The Gish Gallop is a strategy named after the creationist Duane Gish. The idea is simple. You throw out so many arguments that the opponent doesn’t have time to refute every point leaving the audience with many points left unchallenged. I have no doubt anti-vaccine debaters use this strategy in live debates but it is used in social media posts very often. It goes something like “164 papers proving the autism and vaccine link” with a link to a website that has individual links to pages of scientific papers. Something that no doubt many people would have seen on Facebook or Twitter.
So what’s the deal? Where is the lie? Has this person found the hidden stash of research by rogue scientists that are sick of their cheques from Big Pharma? Research that somehow got published by reputable journals who just didn’t know what they were publishing? Of course not. None of the papers actually show what the poster claims they show. In reality, the person originally putting the post together has likely just gone to Pubmed and typed in “autism” and then just put a random set of links into a blog post. The person sharing the post never bothers to read even a single paper. They see a big number and think “wow that’s a lot of evidence” and just click share.
The reason I compare this to the Gish gallop is that it would take days to read every paper and explain why they don’t show a link between vaccines and autism. I’ve seen bloggers actually go to the trouble of doing this but I do feel like it’s a waste of time (unless you really like reading papers of course). The person who posted it generally doesn’t care and by the time you refute every paper (or even just the top ten) they have a new list. It’s whack a mole. I’ve heard someone suggest asking for a top 5 or 10. Tell them to just give the cream of the crop, if you’re the kind of masochist that engages with antivaxxers on a regular basis.
This is a very common tactic in a range of pseudosciences. It’s not always in the form of the gallop. I’ve seen petitions for various things where they cite a single paper. I saw a petition once that was calling on the government to withdraw the HPV as it allegedly caused cancer. Attached was a link to a “damning paper” that apparently confirmed how deadly this vaccine was. The paper referenced in the petition didn’t even mention the vaccine.

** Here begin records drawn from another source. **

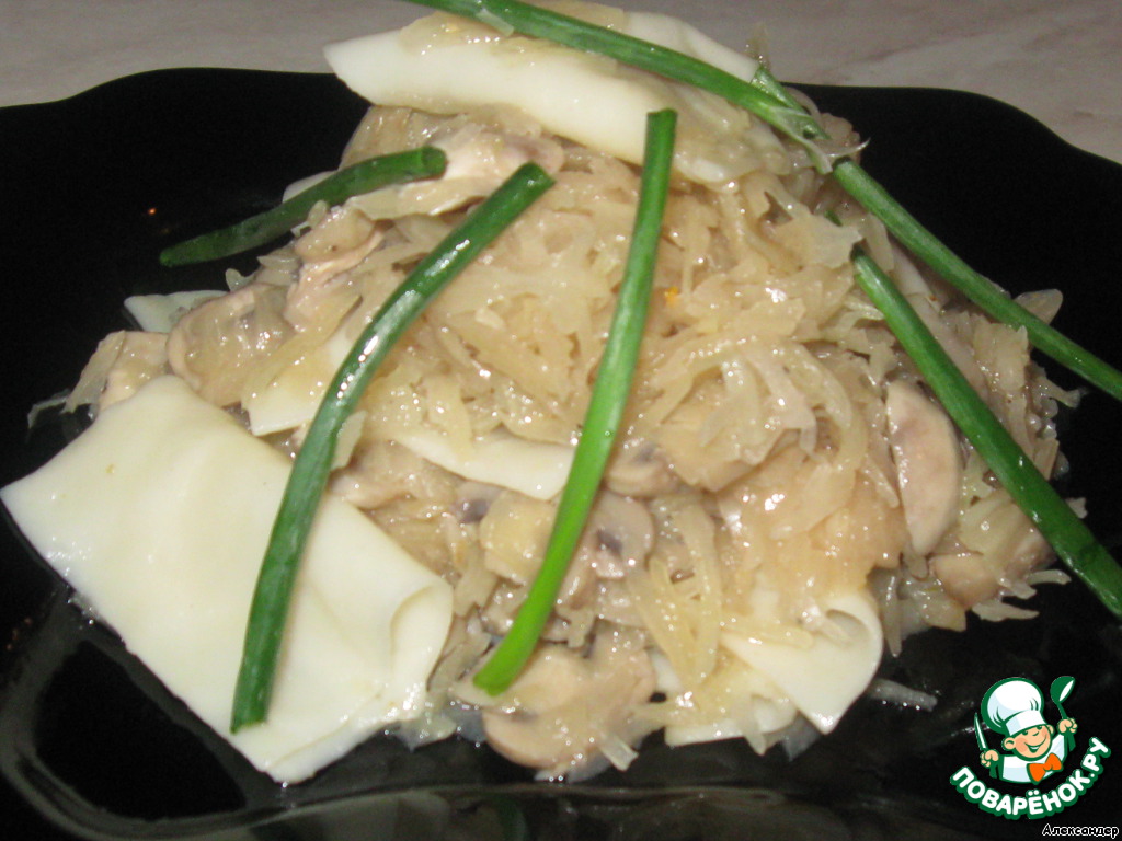 Пока тесто сохнет, мелко шинкуем капусту и тушим ее с грибами и луком. Солим и перчим.
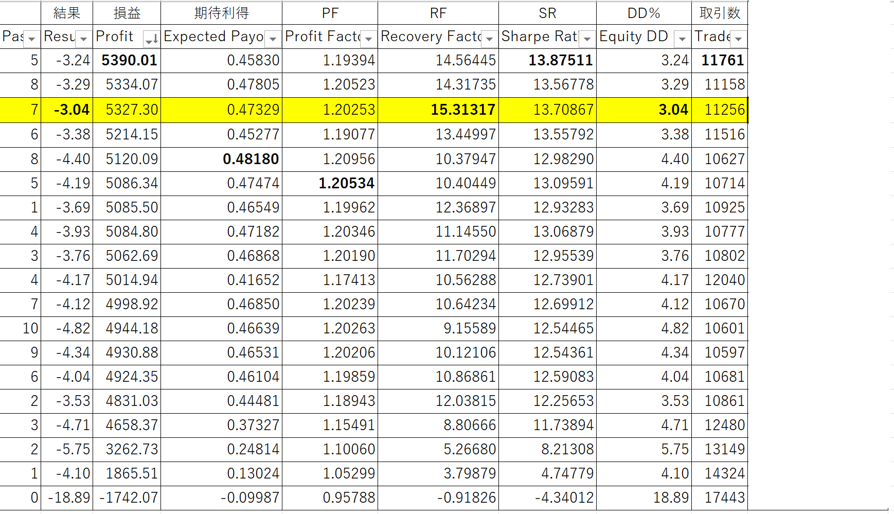 昨日、SL設定でオプティマイズをしていた結果がこれです。
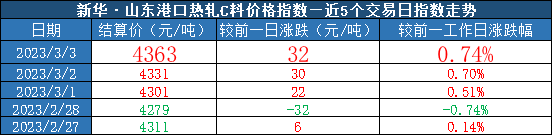 截至2023年3月3日,新华·山东港口热轧C料价格指数报4363元/吨,较前一交易日上涨32元/吨,涨幅0.74%。

It even predated its invention. It did however, mention cervical cancer which was enough for the creator of the petition.
The message here is if you see someone posting a paper that supposedly supports something (whether or not it seems dubious since fact-checking is always important) just be sure that paper says what the person showing it to you claims it does. If they go for the full gallop, ask for the best stuff only or chose a random 5 or so yourself if you don’t want to engage. Even if you just read the abstract, and if the paper is behind a paywall, the abstract is usually available. That should give enough of an idea what the paper says. If you aren’t all that scientifically literate you can at least see if the paper even mentions vaccines.